- My Instant localization kit:
- Hip sunglasses – 4 Euros (negotiated price from South Asian street vendor)
- Hip scarf – 3 Euros “ “ “ “
- Hip sneakers (Hogan) – 325 Euros (no negotiation possible with high-end retailers, my dignity remains intact)
- Abundant caffeine sources – 1.2-6 Euros (sold everywhere where society gathers)
- Active mobility of my hands when emulating locals expressing strong emotion, especially about politics, soccer, and interpersonal relationships. – 0 Euros (some degree of unfettered self-expression required)
- 2. I’ve disregarded Google Italy, or any other navigational guidance – I tried, but can’t learn to live with vague generalizations and intermittent accuracy on intricate driving directions – apparently they are more committed to the viaggio (journey) than the destination.
- 3. I don’t worry about drinking cappuccino after 1pm or other internet bred travel “must dos” – the Italians know I’m a tourist, so I’ll gain some self-respect and be one.
- 4. I’ve learned enough Italian with Pimsleur tapes to say “grazie” to men, women/young women – in the future I will forget any other crash course in vocabulary; just learn directions to finding bathrooms. I say “molto squisito” only after a really good dish – I don’t overuse. (This exotic expression not covered in Pimsleur, but sounds cool)
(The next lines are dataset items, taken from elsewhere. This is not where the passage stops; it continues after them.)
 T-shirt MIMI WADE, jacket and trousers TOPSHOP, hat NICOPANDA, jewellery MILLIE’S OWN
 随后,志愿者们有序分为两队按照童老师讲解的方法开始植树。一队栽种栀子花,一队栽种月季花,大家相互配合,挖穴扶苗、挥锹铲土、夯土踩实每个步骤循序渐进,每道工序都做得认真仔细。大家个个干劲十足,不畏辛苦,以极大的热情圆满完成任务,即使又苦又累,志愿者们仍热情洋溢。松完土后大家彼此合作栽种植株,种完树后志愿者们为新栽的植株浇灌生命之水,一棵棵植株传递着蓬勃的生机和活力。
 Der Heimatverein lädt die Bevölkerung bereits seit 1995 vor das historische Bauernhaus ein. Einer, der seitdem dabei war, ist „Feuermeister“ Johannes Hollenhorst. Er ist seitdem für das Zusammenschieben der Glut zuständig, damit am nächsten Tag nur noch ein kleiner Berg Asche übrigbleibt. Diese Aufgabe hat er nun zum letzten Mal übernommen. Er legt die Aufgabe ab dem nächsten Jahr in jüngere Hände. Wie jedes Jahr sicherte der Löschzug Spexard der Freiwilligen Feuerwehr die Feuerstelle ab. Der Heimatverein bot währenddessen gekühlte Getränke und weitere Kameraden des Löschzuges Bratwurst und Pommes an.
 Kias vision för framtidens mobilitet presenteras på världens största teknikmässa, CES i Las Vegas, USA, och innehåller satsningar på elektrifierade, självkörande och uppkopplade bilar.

- 5. If I dress well (see #1) I am able to walk directly into any café or hotel and use the toilet (see #4). I don’t slow down, I don’t make eye contact. If stopped, I resort to wild hand gestures (see #1e).
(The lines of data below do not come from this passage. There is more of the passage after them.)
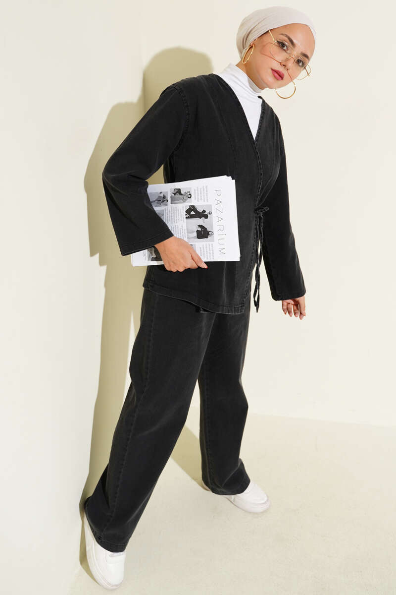 Loyşa Taşlı Fermuarlı İkili Takım Siyah
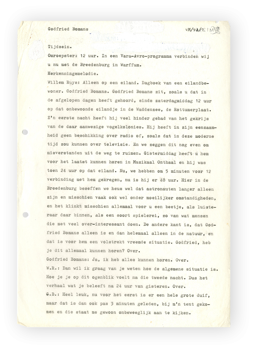 Het Literatuurmuseum beschikt ook over iets moois: een bijna volledig typoscript van enkele radio-interviews door Willem Ruis, vanaf de derde dag tot de dag voordat Bomans het eiland verlaat.
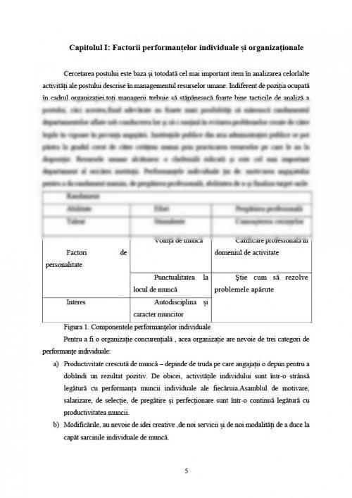 Capitolul I. Factorii performanțelor individuale și organizaţionale .......... pagina 5
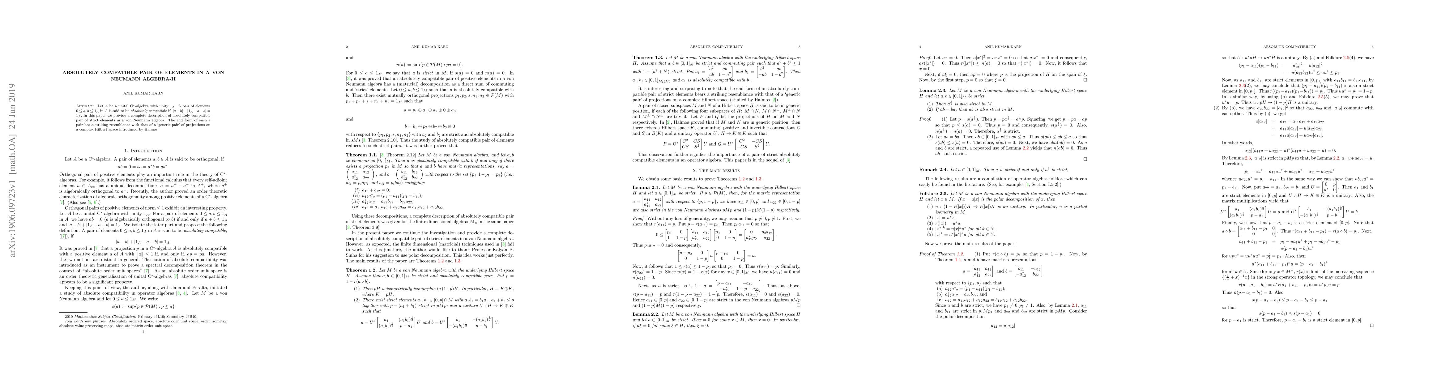 Let $A$ be a unital C$^*$-algebra with unity $1_A$. A pair of elements $0 \le a, b \le 1_A$ in $A$ is said to be \emph{absolutely compatible} if, $\vert a - b \vert + \vert 1_A - a - b \vert = 1_A.$ In this paper we provide a complete description of absolutely compatible pair of strict elements in a von Neumann algebra. The end form of such a pair has a striking resemblance with that of a `generic pair' of projections on a complex Hilbert space introduced by Halmos.

- 6. Once again, I am reminded to pack only 10% of what I think I need to take – I still only wear what’s on the top layer of my suitcase anyway. Will I ever learn?
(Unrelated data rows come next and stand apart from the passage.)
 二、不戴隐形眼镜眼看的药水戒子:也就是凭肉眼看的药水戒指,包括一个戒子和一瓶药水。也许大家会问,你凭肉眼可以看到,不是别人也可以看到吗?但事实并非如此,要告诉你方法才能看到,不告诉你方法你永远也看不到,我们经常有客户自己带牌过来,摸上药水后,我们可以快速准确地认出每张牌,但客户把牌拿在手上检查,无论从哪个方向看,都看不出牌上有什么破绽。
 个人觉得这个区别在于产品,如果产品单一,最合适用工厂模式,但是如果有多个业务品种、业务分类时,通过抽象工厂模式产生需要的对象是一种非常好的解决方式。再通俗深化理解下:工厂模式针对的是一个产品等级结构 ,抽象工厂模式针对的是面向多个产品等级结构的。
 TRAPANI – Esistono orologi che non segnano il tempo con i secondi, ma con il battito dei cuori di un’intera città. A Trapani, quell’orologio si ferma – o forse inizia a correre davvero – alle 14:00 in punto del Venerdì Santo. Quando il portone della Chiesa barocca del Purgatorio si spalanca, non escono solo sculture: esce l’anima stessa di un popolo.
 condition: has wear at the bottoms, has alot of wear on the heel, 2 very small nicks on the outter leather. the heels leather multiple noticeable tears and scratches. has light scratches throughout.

- 7. I may gain weight – so I will stop torturing myself and relax. If I really want to go local – I will start smoking – that will help with the weight and raise the cool factor (see #1). I pledge I will go on a watercress and non-fat yogurt diet when I return home. That should help with the guilt. Walking for six hours a day seems to counterbalance most of intake of pasta, pastries, and gelato.
- 8. I now drive in Italy practicing offensive, not defensive driving –others on the road respect me for it – they seem to express their approval with Neapolitan dialectics and exaggerated hand gestures (1e).
- 9. When I encounter other Americans, I pretend to be Canadian and feel, well… smugly superior.
- 10. I leave BIG tips, I leave small tips – doesn’t seem to matter. Italian wait staffs bring vast enthusiasm to the profession, and seem to regulate the service to how courteous and witty I am (see #4). Guess that’s something ya’ can’t coach in a User Guide🙂
Click on pix!
Huh — I didn’t know Carlucci made men’s wrestle-wear!
OK, color me confused. I’m not sure who’s writing this now. There’s a pic with Lisa with cool new “hip” sunglasses and a scarf. I don’t see Howard with same. In fact, I don’t see Howard at all. But even in my mind’s eye I don’t see him with a scarf. Maybe a cravat, or dickie and pocket square, but not a scarf. Not even to go native.
I’m just saying.
And while I’m saying…..spaghetti alle vongole SI!
Yes Howard, we, your fans, insist that you show visual evidence that it is actually you on this fabulous trip! Of course, who else would take a photo of a “no photo” sign? 😉
I am laughing so hard at this user’s guide that my cool sunglasses fell off. My vote is for a photo of Howard inside the forbidden photo location.